Navigation through a dynamic map using the Bellman equation

We will look at the problem of navigating through a dynamically changing map. It can be represented as a sequence of optimization problems for every time step and in the end, it will reduce to a specific case of the Bellman equation. A solution will be discussed and applied to a particular realization of the problem.

Map wlakthrough

We will consider a map with impenetrable (dynamic) obstacles like the moving brick walls, the cactus or the animal bones, and points through which you can pass but it is not preferable to do so (the blue monster). The goal is to reach the treasure as fast as possible.

Definition of a path

To navigate successfully through a map like the one in the figure above for a time period $ [0, T] $ we have to find a set of policies \( \{ \pi_t | t = 0, \ldots T-1 \} \) that will tell us in which direction to move given the time and our position in the map. A possible journey can be described by the sequence of points \( s_0, s_1, \ldots, s_T \) and the corresponding probability to use this sequence is given by: $$ \begin{align} P ( s_{T}, s_{T-1}, \ldots, s_0 ) = & P ( s_{T} | s_{T-1}, \ldots, s_0 ) \cdot \label{eq:traj_prob} \\ & P ( s_{T-1} | s_{T-2}, \ldots, s_0 ) \cdot \nonumber \\ & \ldots \nonumber \\ & P ( s_{1} | s_{0} ) \cdot \nonumber \\ & P ( s_{0} ). \nonumber \end{align} $$

The conditional probability density function \( P( s_{t+1}|s_t, \ldots s_0) \) describes the probability to move to \( s_{t+1} \) given the history of previously visited points \( s_t, … s_0 \).
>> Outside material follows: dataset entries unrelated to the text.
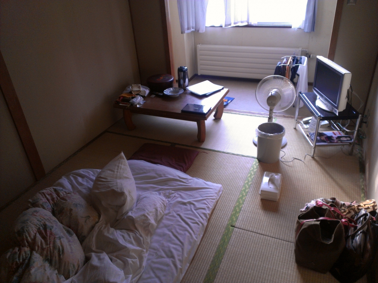温泉は、露天風呂はなくて、天然温泉が入っているのは小さい浴槽ひとつで、ちょっとがっかり。お部屋は、筆者は旧館を利用したが、非常に簡素で、冷蔵庫、冷房はなくて、それに昔の旅館独特のにおいがしっかりしみついていていて、服をひと晩部屋につるしておいたら、しっかりにおいが移ってしまった。お部屋によって値段はかなり変わるので、ネットで予約するときはよく選びましょう。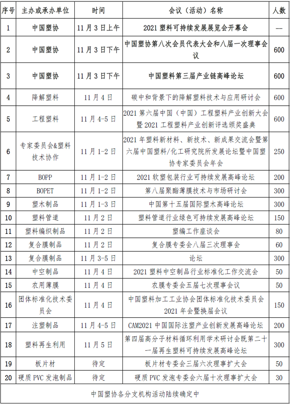 四、系列活动目不暇接,专业观众四海毕至。为丰富展会内容,增强各方交流效果,更加精准地实现对接合作,展会期间还将同期召开多场国塑料可持续发展系列活动其中包括以可持续发展为主题的论坛、峰会、交流会、研讨会,以分支机构工作为核心的子行业年会、理事会议,以及市场对接活动和专业培训等活动,其中,降解塑料专委会的碳中和背景下的降解塑料技术与应用研讨会、塑料再生利用专委会的第四届高分子材料循环利用学术研讨会第二十一届再生塑料可持续发展高峰论坛、工程塑料专委会的2021第六届中国工程塑料产业创新大会等盛会,将为参展商、观众带来大量新的绿色创新成果产品、技术和市场信息。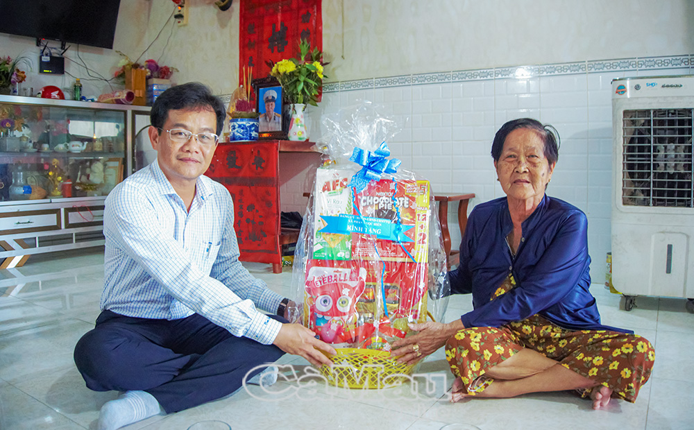 Đồng chí Ngô Minh Toại, Chủ tịch UBND xã trao quà cho gia đình chính sách Nguyễn Thị Bắc, ấp Kênh Huế.
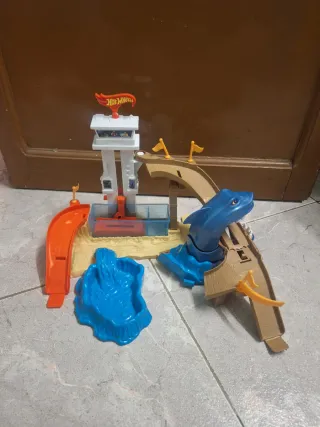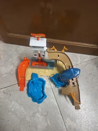 Pista de juegos Hot Wheels con accesorios. - Incluye rampa naranja. - Zona de agua azul. - Elementos de pista color arena. - Señal Hot Wheels.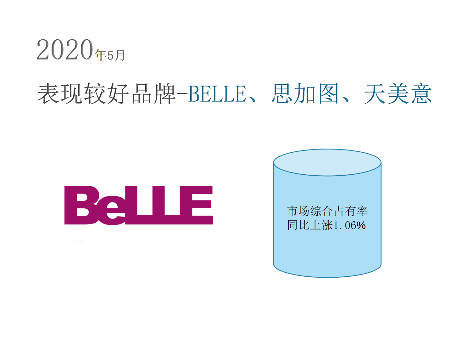 百丽集团专注中高端皮鞋,通过品牌和渠道的不断完善占据国内女鞋市场较大优势,其中BELLE市场综合占有率与同期相比提高1.06%。思加图、天美意品牌也表现良好,市场综合占有率与同期相比分别提高0.35%、0.31%。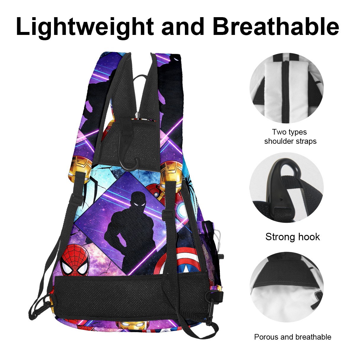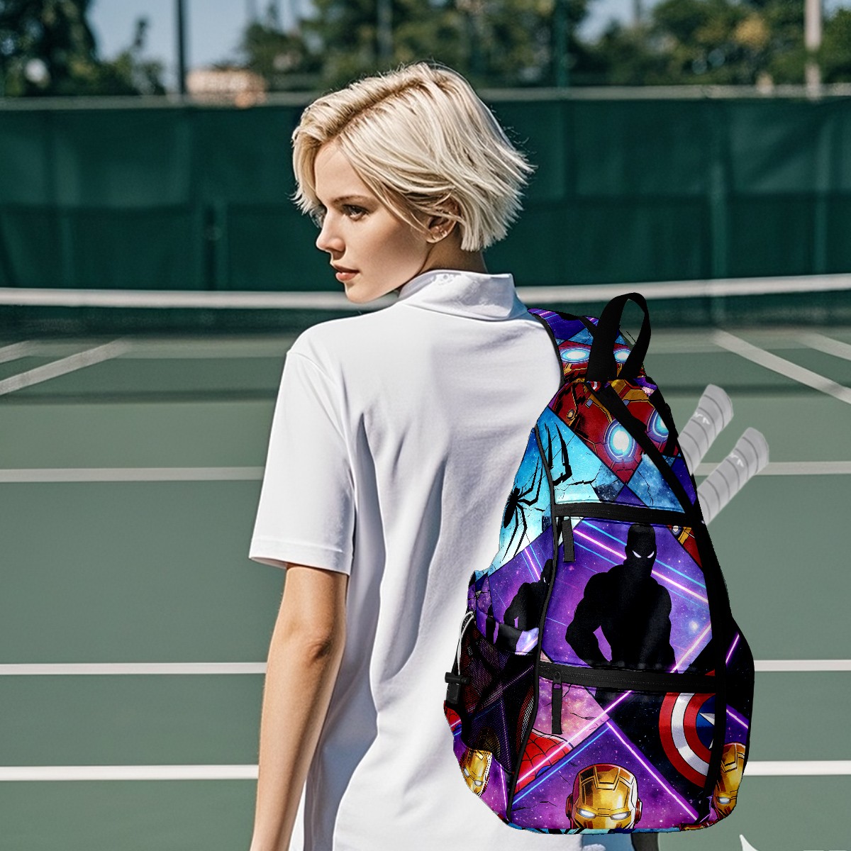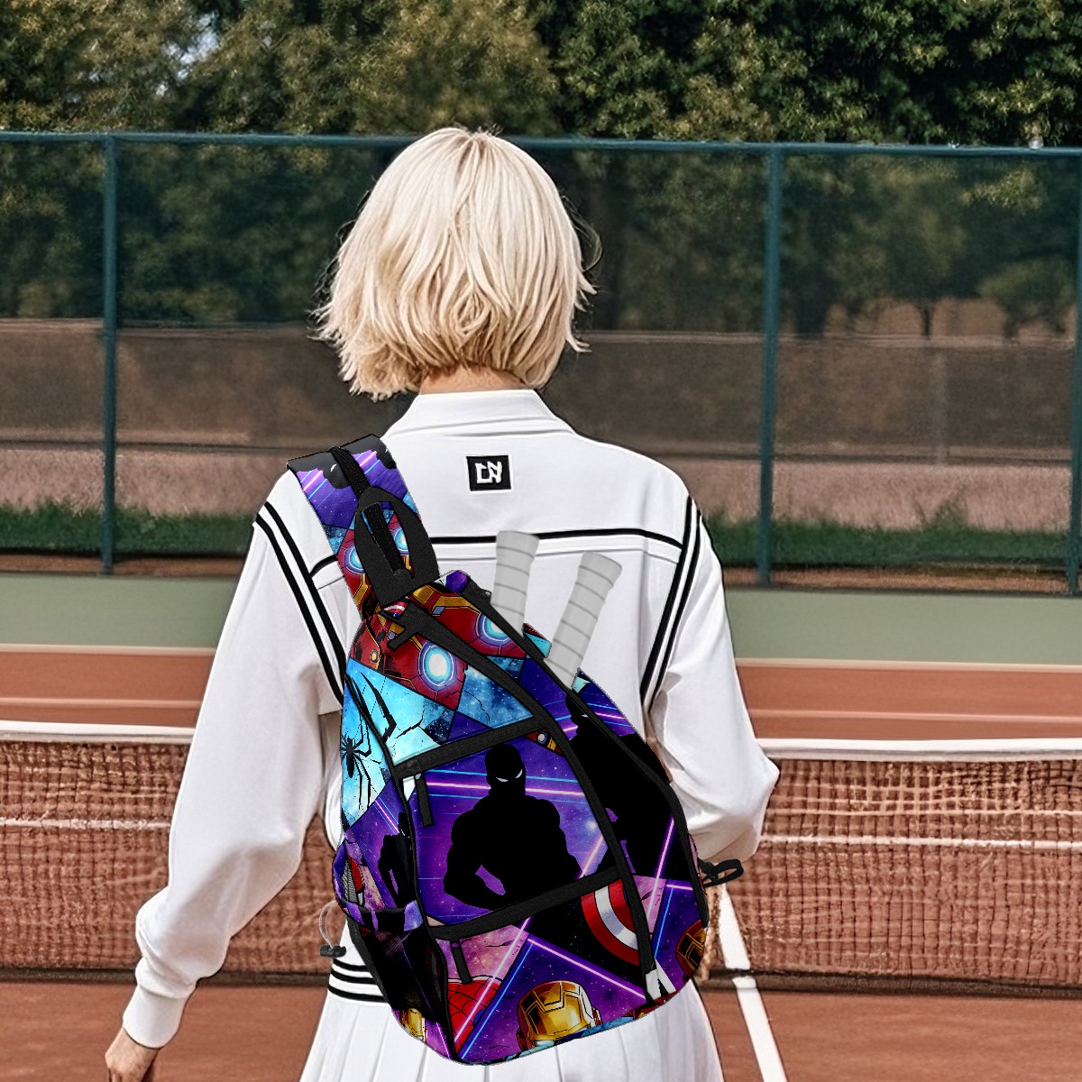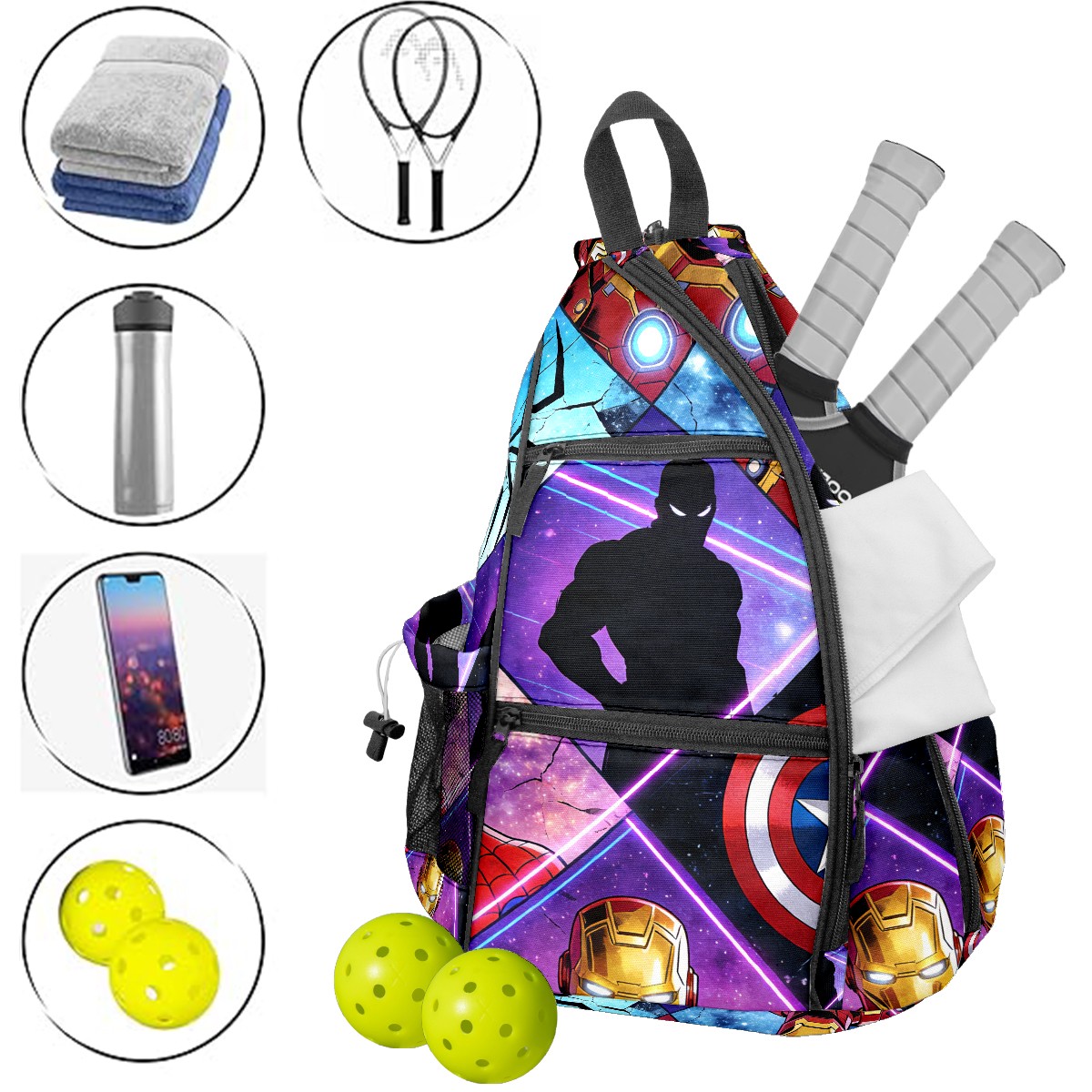 Pickleball Backpack for Women and Men, Adjustable Pickleball Sling Bag for Paddles, Balls & Accessories (创作经典IP图 (53))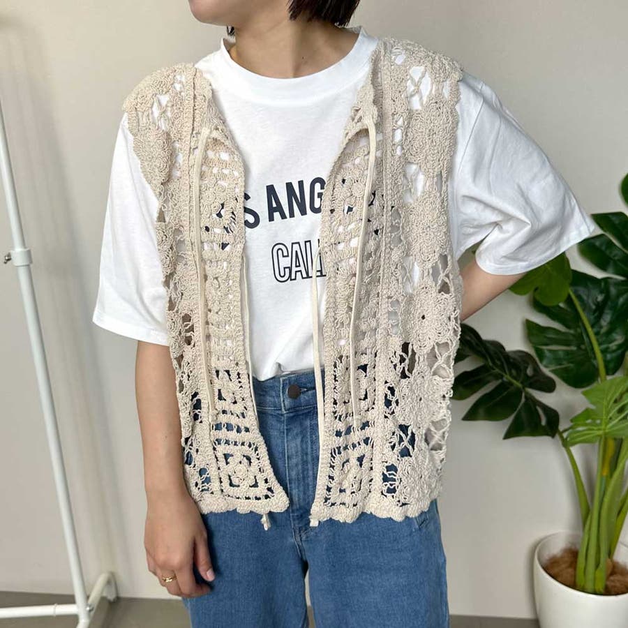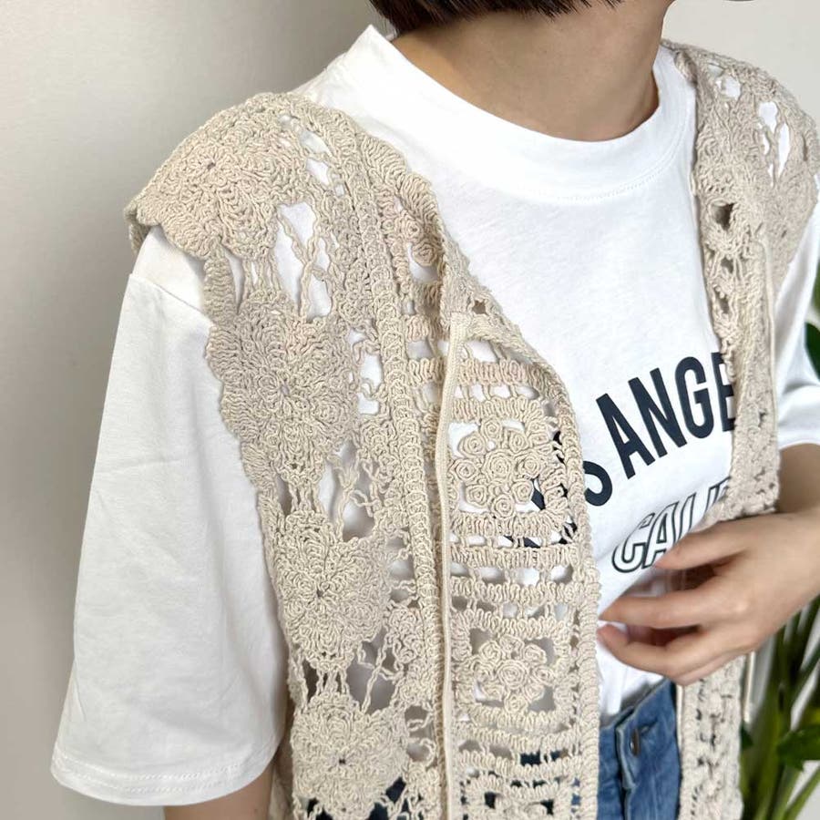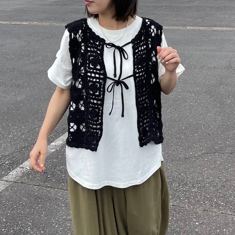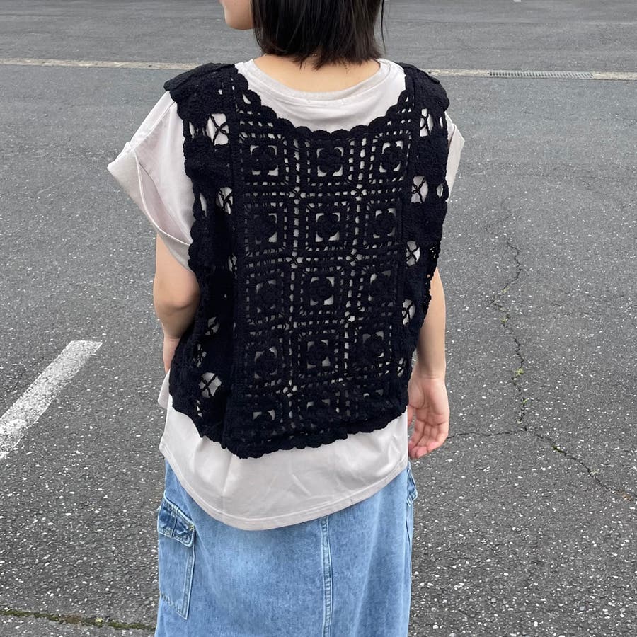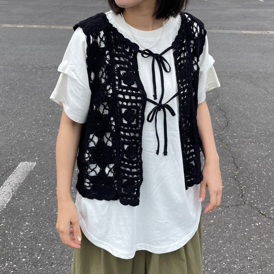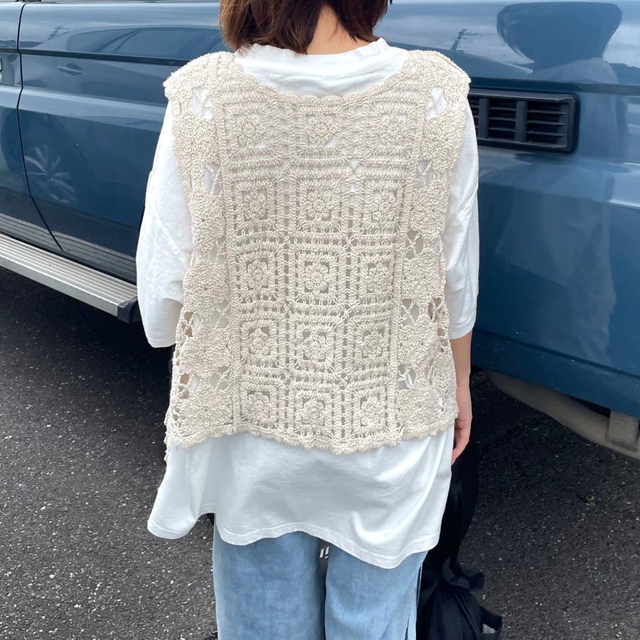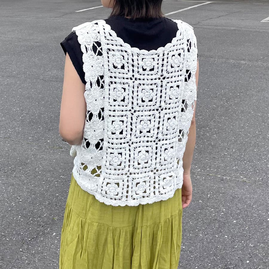 レディース/ファッション/おしゃれ/合わせやすい/大人/女性/春/夏/韓国/韓国ファッション/人気/定番/トレンド/新作/新着/新規/カジュアル/ナチュラル/ストリート/アウトドア/フェス/イベント/キャンプ/ラフ/シンプル/デザイン/無地/モード/ギャル/シアー/メッシュ/サマーニット/ノースリ/タンクトップ/ベスト/軽量/ゆったり/体型カバー/カジュアルダウン/羽織/羽織り/Vネック/レイヤード/オフホワイト/アイボリー/白/SS/ブラック/黒/クロ/かぎ編み/クロシェ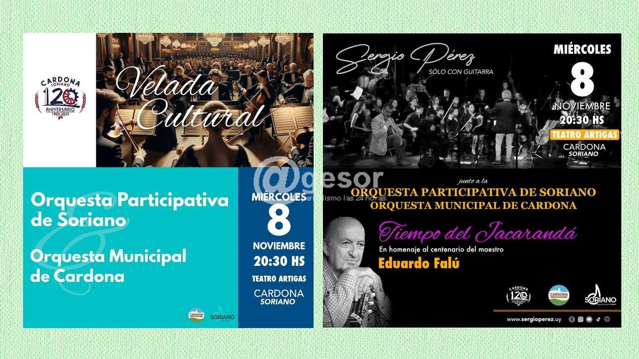 La noche se engalanará con la presentación de la Orquesta Participativa de Soriano, bajo la batuta del maestro Ignacio Algorta. Además, se contará con la participación estelar de la Orquesta Municipal de Cardona, que junto a la anterior, deleitarán al público con un repertorio diverso y rico en géneros musicales populares.

This probability depends on the map (if a point \( s_{t+1} \) is an obstacle or not) and on the policy \( \pi_t \). We will consider the case that the decision to which point \( s_{t+1} \) to move depends only on the current position \( s_t \), i.e: $$ \begin{align} \label{eq:markov_assumption} P( s_{t+1} | s_t, \ldots, s_0 ) & = P_{\pi_{t}(\lambda (t,s_t) )} ( s_{t+1} | s_t ) \hspace{4.0mm} t = 0, 1, \ldots T-1, \end{align} $$ which is also known as the Markov assumption. To emphasize the dependency of \( P \) on the policy, in the last equation we have added \( \pi (\lambda) \) as a subscript where \( \lambda (t, s) \) is a column vector containing all parameters that have to be learned: $$ \begin{align} \lambda(t, s_t) = & [\lambda_0(t, s_t), \ldots, \lambda_4(t, s_t) ]^T. \label{eq:lam_vec_definition} \end{align} $$

Example: conditional probability density function
The five possible actions at the point (i, j) = (1, 2)
The five possible actions at the point $(i, j) = (1, 2)$

Let's give an example how $ P(s’|s) $ might look like. It makes sense to allow only movements towards the four closest bins (up, down, right, left) and to allow the possibility to stay idle. We represent the position s as a tuple $ (i, j) $ where $ i, j $ refer to the $i$-th row and $j$-th column of the sample map presented above. In this case the conditional probability density function is given by: $$ \begin{align} \label{eq:propagator_parametrization} P_{\pi_{t}(\lambda)} ( \underbrace{s_{t+1}}_{(i'j')} | \underbrace{s_t}_{(i,j)} ) & = \begin{array}{ll} & \delta_{i',i \textcolor{white}{-1} } \delta_{j',j\textcolor{white}{-1}} \rho_{0,\lambda} (t, s_t) + \\ & \delta_{i',i-1} \delta_{j',j\textcolor{white}{-1}} \rho_{1,\lambda} (t, s_t) + \\ & \delta_{i',i+1} \delta_{j',j\textcolor{white}{-1}} \rho_{2,\lambda} (t, s_t) + \\ & \delta_{i',i \textcolor{white}{-1} } \delta_{j',j+1} \rho_{3,\lambda} (t, s_t) + \\ & \delta_{i',i \textcolor{white}{-1} } \delta_{j',j-1} \rho_{4,\lambda} (t, s_t) , \end{array} \end{align} $$ where \( \delta \) is the Kronecker delta (it is equal to \( 1 \) if both subscripts are equal and \( 0 \) otherwise) and \( \rho_k(t, s) \) \( ( k=0,1,2,3,4) \) are the probabilities to stay \( (k=0) \) or move up \( (k=1) \), down \( (k=2) \), right \( (k=3) \), left \( (k=4) \) from the point \(s\) at time \(t\). An example is shown in the figure above. These probabilities have to sum up to \(1\) which naturally leads to the use of a softmax function for parametrization: $$ \begin{align} \label{eq:rho_parametrization} \rho_{k,\lambda} (t, s_t) = \frac{ e^{\lambda_k (t, s_t)} }{ \sum\limits^{4}_{\tilde{k}=0} e^{\lambda_{\tilde{k}} (t, s_t)} } \hspace{4.0mm} k=0,\ldots 4. \end{align} $$ The task of finding the most efficient set of policies is equivalent to finding \( \lambda_k(t, s) \) for all \(k\), \(t\), \(s\).

Define the best path

To find the best path we will assign a score to every path: we introduce rewards at the desired destination and penalties at the forbidden map points, summarized in the function \(R(t, s)\), which are added to the score of a path if we cross or stay at one of these points. The task is to maximize the collected score which can happen if we reach the destination as fast as possible and stay there in order to collect as many times the reward as possible.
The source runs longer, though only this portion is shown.